その馬鎧に描かれていたのは、可愛らしい女の子のきわどい絵であった。


「萌える馬鎧だよ。最近の若者向けに作ったんだ。見かけはああだが、オークの一撃にも耐えられるように設計してある」

「確かに凄いが、これは……」


男が戸惑うのも当然だ。戦士として、男として、このようなを取り付けて走れば恥となるからだ。

カルラは男の肩を掴み、真剣な眼差しを向ける。


「無駄な拘りは捨てるべきだろ? それとも何かい、あんたは女の子にモテたいがために馬鎧を買うのか?」

「ち、違う。国を守るためにだな……」

「なら、いいじゃねぇか。男も鎧も、外身より中身だろ」


男ははっとした顔をして、すべてを悟ったように小さく笑う。


「わ、分かった買おう。国のためなら仕方ない」

「毎度あり~」


男は財布から金を出し、カルラに支払う。鎧を馬のところまで運び、装着してから男は走り出した。

すごく目立つことには変わりなく、生半可に強いものだから、有名になることだろう。


満足そうに金貨を手元で転がすカルラの後ろで、シュラが囁くような細い声で尋ねる。


「本当に、何もしないのですか?」


不安げに、本気で心配しているようで、落とした視線はどこか悲しげだった。

カルラはシュラの前まで行くと、そっと頭の上に手を置いた。


「んなわけねぇだろ。店を守るんだ、それなりに準備がいる。そのために、金がいるんだよ」


離れた手の感覚を忘れないように、シュラは両手で頭の上に乗せる。そして、小さな唇を微笑ませた。
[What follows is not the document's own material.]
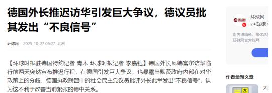德国外长瓦德富尔闯下大祸,鲁莽取消对华访问行程之后,德国外长遭到德国内部尖锐批评! 不仅让本就微妙的中德关系更添变数,还在德国国内掀起了轩然大波,社民党发言人直接开炮,说这举动发了“不良信号”,全球局势这么紧张,跟中国中断对话简直是昏招,反而该把沟通的口子越开越大。 这场闹剧的导火索,其实是瓦德富尔访华前的“口嗨”。他在接受路透社采访时,一边要求中国放宽稀土出口,一边对台海问题指手画脚,声称要“自定义一中原则”。这种既要好处又要踩红线的操作,彻底激怒了中方。 外交部发言人郭嘉昆当场表态:一中原则没有任何“自定义”空间。结果可想而知,除了外长王毅的会面,其他行程全部被中方“技术性搁置”。瓦德富尔原本想带着企业诉求来谈合作,最后却落得个无人愿见的下场,开创了德国外长访华被东道主集体拒见的先例。 德国国内现在乱成一锅粥,执政联盟内部吵得不可开交,社民党指责基民盟(瓦德富尔所属党派)的对华政策“既幼稚又危险”,而基民盟则反呛社民党“太软骨头”。 这种内部分歧直接反映在经济数据上:2025年前8个月,中国以1634亿欧元的贸易额重新成为德国最大贸易伙伴,而美国对德出口却暴跌7.4%。 更讽刺的是,德国汽车巨头们用实际行动打了瓦德富尔的脸——奔驰宣布投资140亿人民币扩建中国工厂,宝马在沈阳的电池中心二期也正式投产。这些企业高管私下里抱怨:政客们在台上吵架,最后买单的却是我们。 最尴尬的是瓦德富尔的“极限施压”策略完全反噬了德国自身。他原本想借着欧盟的“反胁迫工具法案”向中国施压,结果欧盟内部先炸了锅。 法国、波兰等国支持强硬路线,而意大利、西班牙则坚决反对,担心制裁会让欧洲失去中国市场。 德国企业界更是急得跳脚,大众集团警告说,如果稀土供应继续受影响,德国电动汽车产能可能下降30%。 更要命的是美国的关税政策正在把德国推向中国——2025年1-8月,德国对华进口增长8.3%,而对美出口暴跌23.5%。这种“东边不亮西边黑”的局面,让瓦德富尔的外交努力显得格外可笑。 现在最着急的可能是德国总理默茨,他原本指望通过访华提振经济,结果被瓦德富尔搅了局。默茨的支持率已经跌到32%,如果再拿不出像样的经济政策,恐怕位子都难保。反观中国,态度始终不卑不亢。 外交部多次强调,中德合作的大门始终敞开,但前提是相互尊重。这种“以静制动”的策略,让德国政客们意识到:在全球产业链深度绑定的今天,任何单边主义的冒险都只会搬起石头砸自己的脚。 瓦德富尔的这场“外交灾难”,本质上是德国政治精英的战略误判。他们既想在中美之间投机取巧,又不愿放弃意识形态优越感,结果把自己逼进了死胡同。 德国媒体现在开始反思:当美国用关税政策把盟友推向中国时,当中国成为德国经济复苏的关键力量时,那些整天喊着“去风险”的政客们,是不是该醒醒了?毕竟,在这个相互依赖的时代,对抗从来不是解决问题的办法,合作才是唯一的出路。 来源:环球网 【德国外长推迟访华引发巨大争议,德议员批其发出“不良信号”】

「でも、大量破壊兵器なんて、作らないでくださいね? 来るのは、私の家族なのですから」

「分かってるよ。それに、んなもん作っても持て余すだけだからな。邪魔になる」


作れないとは言わない。

エルフの集団が何をするのか、そんなことも分からないまま、カルラは大きく欠伸をするだけだった。

戦士(23)

趣味……ファッション

備考……痛車があるなら痛馬があってもいいよね。絶対乗らないけど


ハーフリング……小人のこと。

本作ではエルフとドワーフのハーフで、主な特徴は、背が低くて細身の体と、尖った耳。


ハーフエルフ……人間とエルフのハーフ。

元々エルフが人間に近いため、エルフとさほど変わらない外見。主な特徴は、色素の抜けた体の一部と、尖った耳。